I am quite surprised as to the quality i have encounterd because Paradigm has been my only speaker of choice for for nearly 20 years. Guess it's time to start searching out other brands. :rolleyesno:


----------



## Jungle Jack (Jul 28, 2009)

Hello,
Huge congratulations on the new Speakers. Paradigm has really been on a roll. 
Cheers,
JJ


----------



## bambino (Feb 21, 2010)

what do you mean by a roll? i am very disapointed, compared to old 11's. very.


----------



## phreak (Aug 16, 2010)

So, I should hang on to my V.6 setup?


----------



## Jungle Jack (Jul 28, 2009)

I was quite impressed with the latest Signature Series and they really exceeded my expectations. As for the previous Monitor 11's, I did not audition them. However, I really have not come across a Paradigm Speaker that I have not found to be enjoyable.


----------



## Jungle Jack (Jul 28, 2009)

phreak said:


> So, I should hang on to my V.6 setup?


Hello,
The V.7's are quite impressive and the new Tweeter looks to be amazing. I still think the V.6's are well engineered Speakers. It is interesting that the Monitor 11 V.7 is the same size as the Monitor 9 V.6. That being said the V.7 is a 5 Driver Design while the V.6 is a 4 Driver Design.

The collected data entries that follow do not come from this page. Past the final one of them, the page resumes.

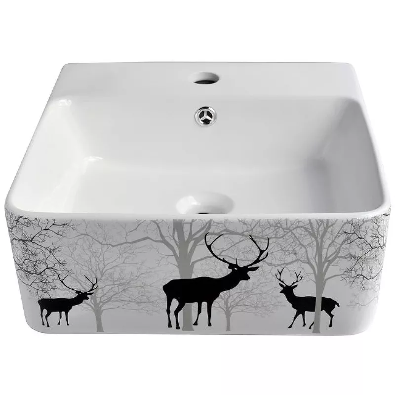 Раковина накладная Bronze de Luxe Black Deer 1060BD белый глянец с декором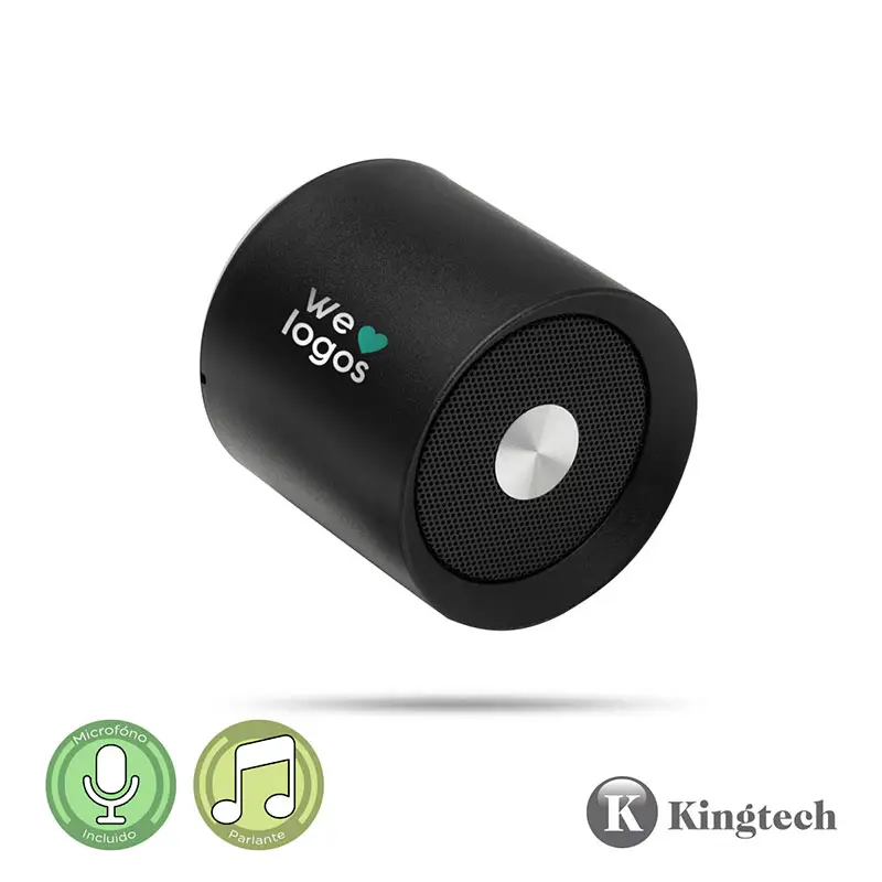 Parlante inalámbrico con micrófono y batería recargable USB. Medidas: 7 cm x Ø 6,8 cm. Kingtech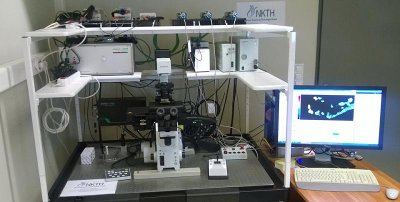 An inverted Olympus IX81 fluorescence microscope is equipped with a Lambert Instruments fluorescence lifetime imaging module, using 4 modulated LEDs in the 405-640 nm range as well as modulated lasers emitting at 445, 488 and 633 nm, and a modulated MCP coupled fast CCD. TIRF illumination is available for all three lasers and prepared for a 4th laser in the green-yellow range. Fluorescence lifetimes of fluorophores can be determined from phase and modulation depth in live or fixed cells and other fluorescent samples. FRET efficiency from fluorescence lifetime can be derived. Using the TIRF mode, measurements can be restricted to the cell membrane or molecular monolayers. Autofocus and real time focus stabilization as well as repositioning in 3D with motorized stage is available. Installed with support from the Baross Gábor Programme REG-EA-09-1-2009-0010.

You were obviously impressed when you purchased your Paradigms and nothing has changed. Many people loved the V.6 Monitors including a fantastic Review by Soundstage:http://www.hometheatersound.com/equipment/paradigm_monitor11v6_cc390v6_adp390v6_ultracube12.htm
Cheers,
JJ


----------



## bambino (Feb 21, 2010)

phreak said:


> So, I should hang on to my V.6 setup?


Absolutely:T.


----------



## bambino (Feb 21, 2010)

Jungle Jack said:


> While Bambino might not care for the V.6's, many people did and they got a fantastic Review by Soundstage:http://www.hometheatersound.com/equipment/paradigm_monitor11v6_cc390v6_adp390v6_ultracube12.htm
> Cheers,
> JJ


It's not the V.6's that i'm dissapointed with it's the Series 7 Monitor11's that have disapointed me as to the origional V.6 that i origionaly started off with.


----------



## bambino (Feb 21, 2010)

The V.6 monitor11's are at the utmost of there game as opposed to the new series 7 11's that Paradigm has put into production, it's hard for me to imagine that such a great company would produce a product that hardly compares to there lower end items in the same series lineup.:huh:

With the previous 11's i couldn't get enough of how great they sound but with the series7 it makes me glad to still have the old version on hand, i did several side by side comparisons with the several amps i have on hand (XPA1, XPA5, UPA5) and have found that none of them will make the series7 sound like the previous version of the 11's.


----------



## BrianAbington (Mar 19, 2008)

Might I recommend the Klipsch Heritage series?


----------



## tcarcio (Jun 27, 2007)

Maybe they just need some break in time. How long can you keep them before you have to return them. If you have 30 day's then you might want to give them some time and see how they sound after they break in. Just a thought.


----------



## bambino (Feb 21, 2010)

BrianAbington said:


> Might I recommend the Klipsch Heritage series?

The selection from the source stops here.